There are only 4 numbers discussed in the video (a remarkable paucity for a "Mathematical Challenges to Darwin's Theory of Evolution" don't you think?): the number of amino acids (20), the number of possible working proteins (1 in 10^77 will result in a functional fold), the possibility of getting a "right" 150 amino acid "string of beads" (20^150 = 1.4 x 10^195), and the number of atoms in the universe (number not given, just the comment that it is less than 20^150 = 1.4 x 10^195) Well, there are more numbers than that discussed in the video, which you might know if you actually watched it, but if you are just referring to the issue of the proteins, those are sufficient. Though I must point out that your description is off. The 20^150 = 1.4 x 10^195 number refers to the possible number of combinations for a 150 AA protein, it is not a determination of what is "right". For the purpose of defining 'right', that would be the 1 in 10^77 number among all the possible combinations.
This should be a big red flag.
So you assert, but you still haven't given any support or specifics for that allegation.
They are all (except for the number of amino acids used), WAG (wild ass guess) assumptions, bald assertions or outright falsehoods. As I've already shown in Message 51, the 20^150 = 1.4 x 10^195 calculation is wrong, badly, grossly wrong, because it only uses one of the worst possible ways to assemble 150 amino acids, one by one in order.

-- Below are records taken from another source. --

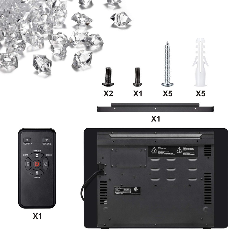 Joy Pebble 30 Inch Electric Fireplace Inserts, in-Wall Recessed and Wall Mounted 750/1500W Fireplace Heater, Touch Screen, Remote Control with Timer, Adjustable Flame Color and Speed
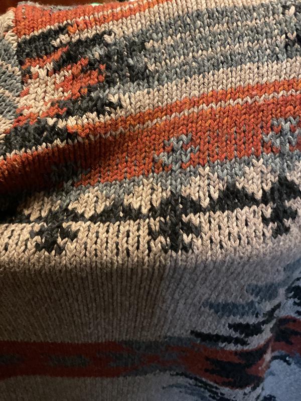 This sweater is heavy, soft and very comfortable. I like the colors and patterns in the design. The sale price was also helpful.
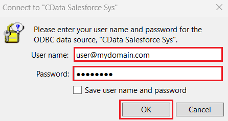 まだ設定していない場合は、最初に ODBC DSN(データソース名)で接続プロパティを指定します。これはドライバーインストールの最終ステップでもあります。Microsoft ODBC データソースアドミニストレーターを使用して ODBC DSN を作成・設定できます。
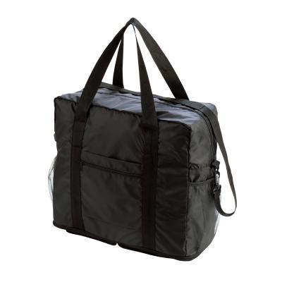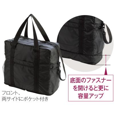 底面のファスナーを開けば収納力がアップし、急な荷物増加にも対応できる便利バッグ。広めのマチで整理しやすく、キャリーバッグのハンドルに固定できるベルト仕様で移動もスムーズ。折りたたむとコンパクトに持ち運べます。オールブラックのシンプルなデザインは男女問わず使いやすい仕様。名入れ対応も可能です。
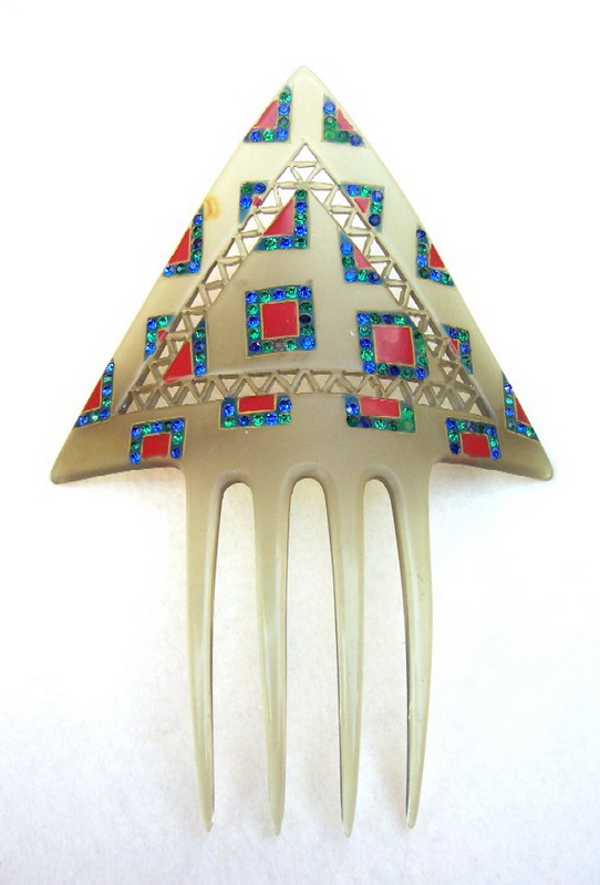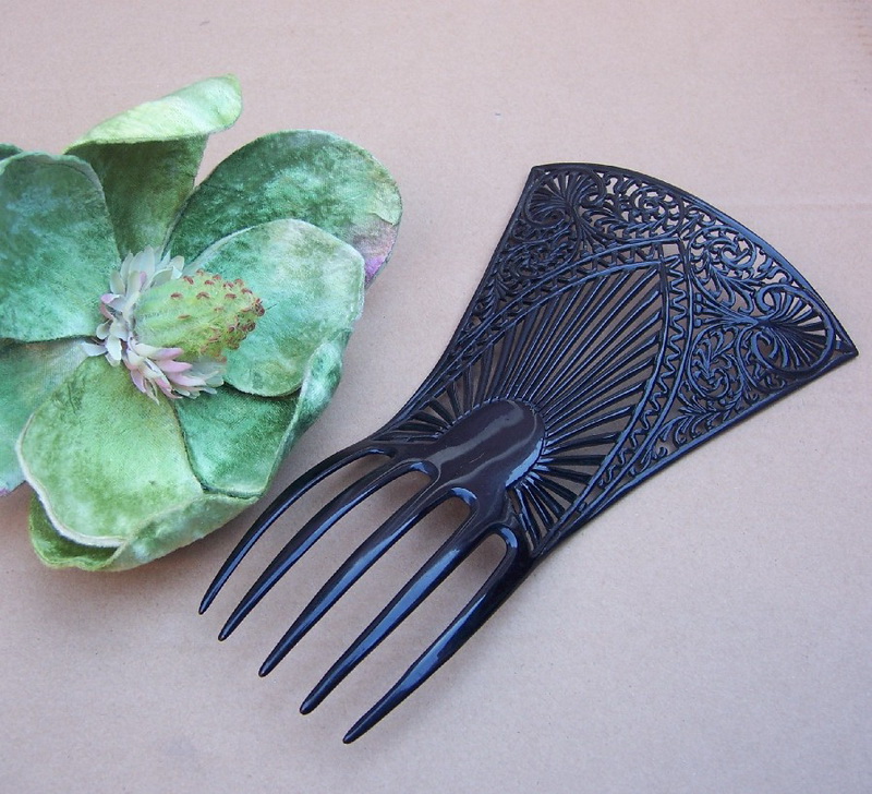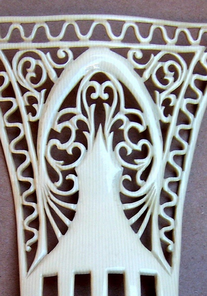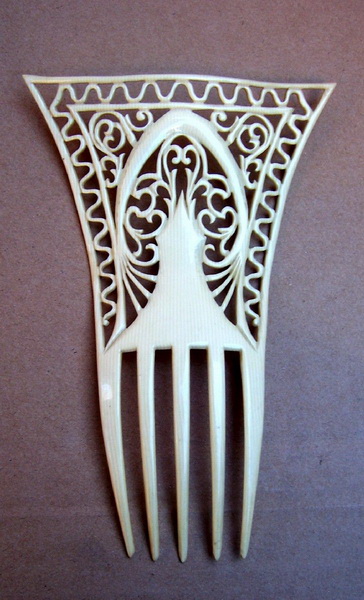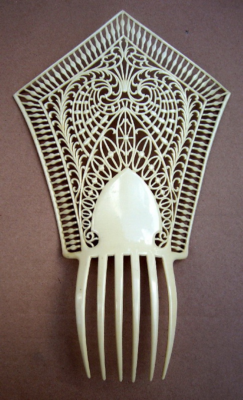 This large and very beautiful French Ivory hair comb has a tall wedge shaped  heading with openwork of lace like delicacy. Combs of this shape, especially in  asymmetric designs, are typically from the 1910s – 1920s period.
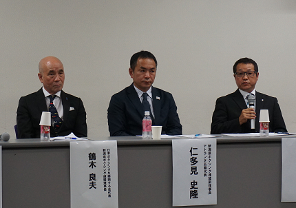 同会が強く糾弾している審判不正については、新潟県連副理事長でアトランタ五輪代表の仁多見史隆氏が「“奈良判定”という言葉がひとり歩きしてしまい、審判不正とは関係なら奈良の選手にご迷惑をおかけしました」と最初に謝罪した。
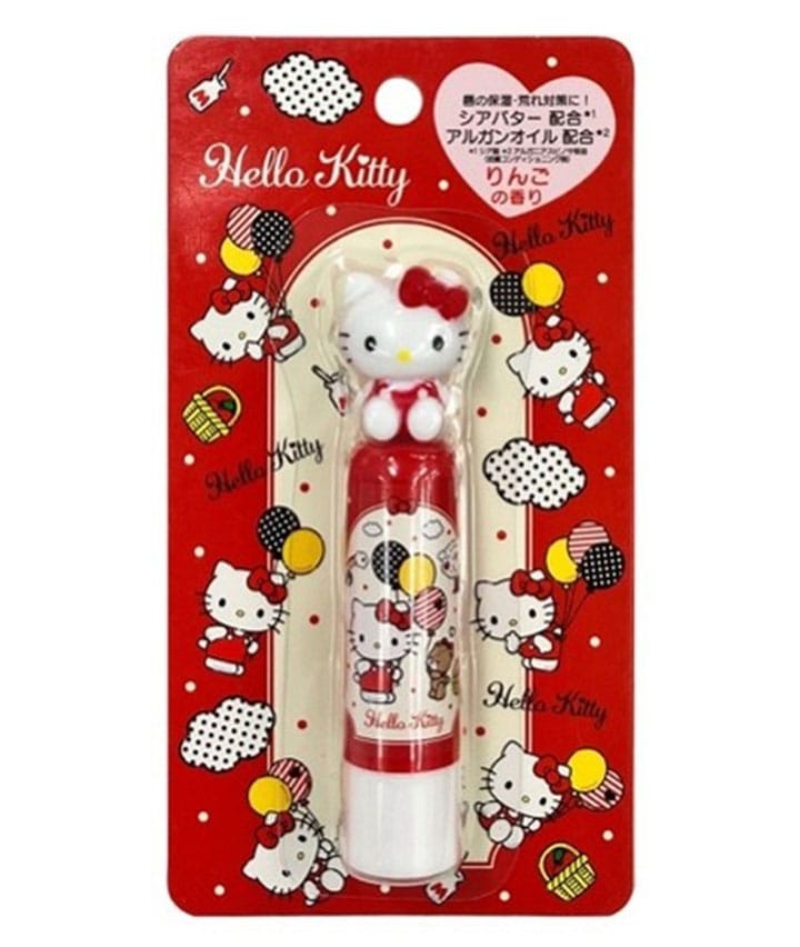 ・唇の荒れ・保湿対策に!おすわりした姿がとってもキュートなハローキティのリップクリーム。立体型マスコットがかわいいりんごフレーバー
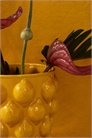 Большая ваза из керамики, украшенная скульптурным декором в виде фруктов и покрытая глянцевой глазурью. Диаметр основания 9 см. Высота 28 см.
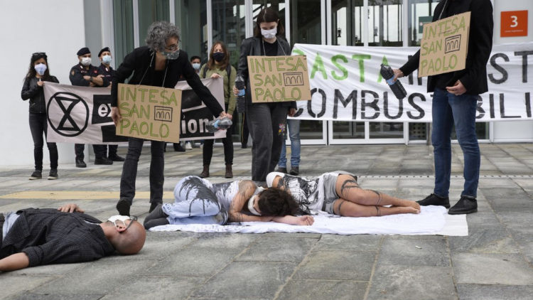 Azione di Extinction Rebellion Torino davanti alla sede di Intesa San Paolo
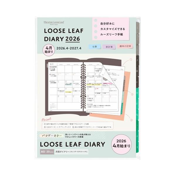 マルマン 2026年 4月始まり ルーズリーフダイアリー パウダーカラー 月間 〈A5〉
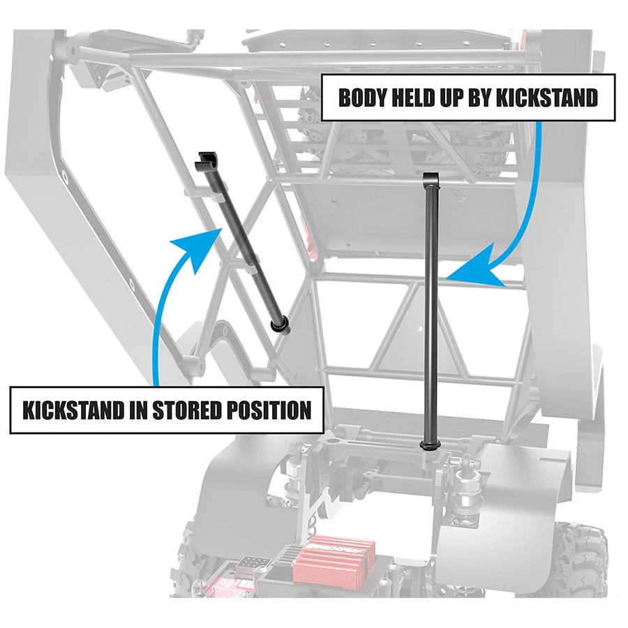 - Many scale accessories: Full inner roll cage, Inner fenders, Outer fenders, Molded snorkel, Shackle mount bumpers with D-rings and Hitch ball, LED mounts, Folding mirrors, Roof rack, Spare tire, Jack, Fuel cans, Shovel, Axe, Sand ladder.
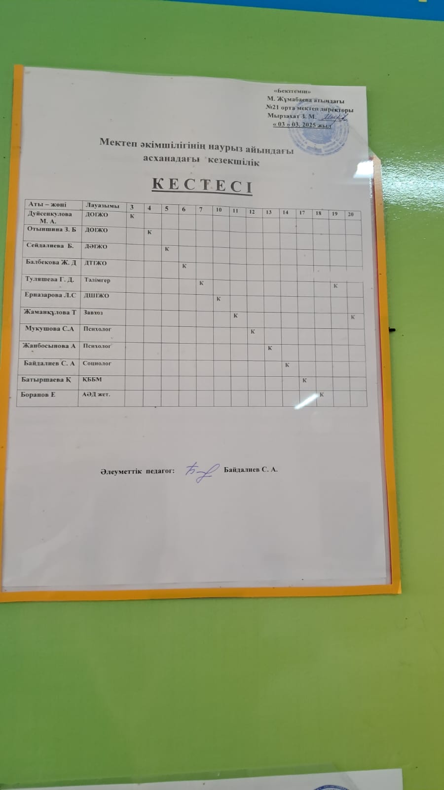 Асханадағы кезекшілік кестесі » Жамбыл облысы Тараз қаласы білім бөлімінің "Мағжан Жұмабаев атындағы № 21 орта мектеп" коммуналдық мемлекеттік мекемесі

What is wrong is your understanding of what is being talked about. You simply are not getting it. They are talking about a 150 AA protein. Not a 20 AA protein, not a 100 AA protein, nor a 149 AA protein. 150! Got it? Now using their illustration. If you are making a necklace of 150 beads (not 149, nor 98, nor 32, nor any other # of beads....) and for each bead you can choose any one of 20 different types of beads, the total possible, number of different necklaces that can be made are 20^150 = 1.4 x 10^195. That's it, and that is indesputable. No other criteria are being applied. We're not talking about whether one puts the necklace together one bead at a time, or a handful of 12 beads in a clump are added at a time (or any other combination of assembly), or if the bead-thread is sticky and long enough to dump in a bead bucket and come out with 150 attached - that all doesnt matter. There is no 'better' or "worse" way to assemble it. The assembly method is irrelevant.
Question for you: why was a 150 amino acid string protein chosen?
If you don't know whay a 150 AA protein was used, then go check the essay and or video again.Consider that the first life would be the simplest, using the simplest molecules. As noted in Message 51 the smallest known protein is made with only 20 amino acids. Why choose a much more complex protein than necessary if the argument is that it's formation has a low probability? And the reason it was chosen has nothing to do with whether there are smaller proteins of less complexity, because the formation of the proteins is not at issue.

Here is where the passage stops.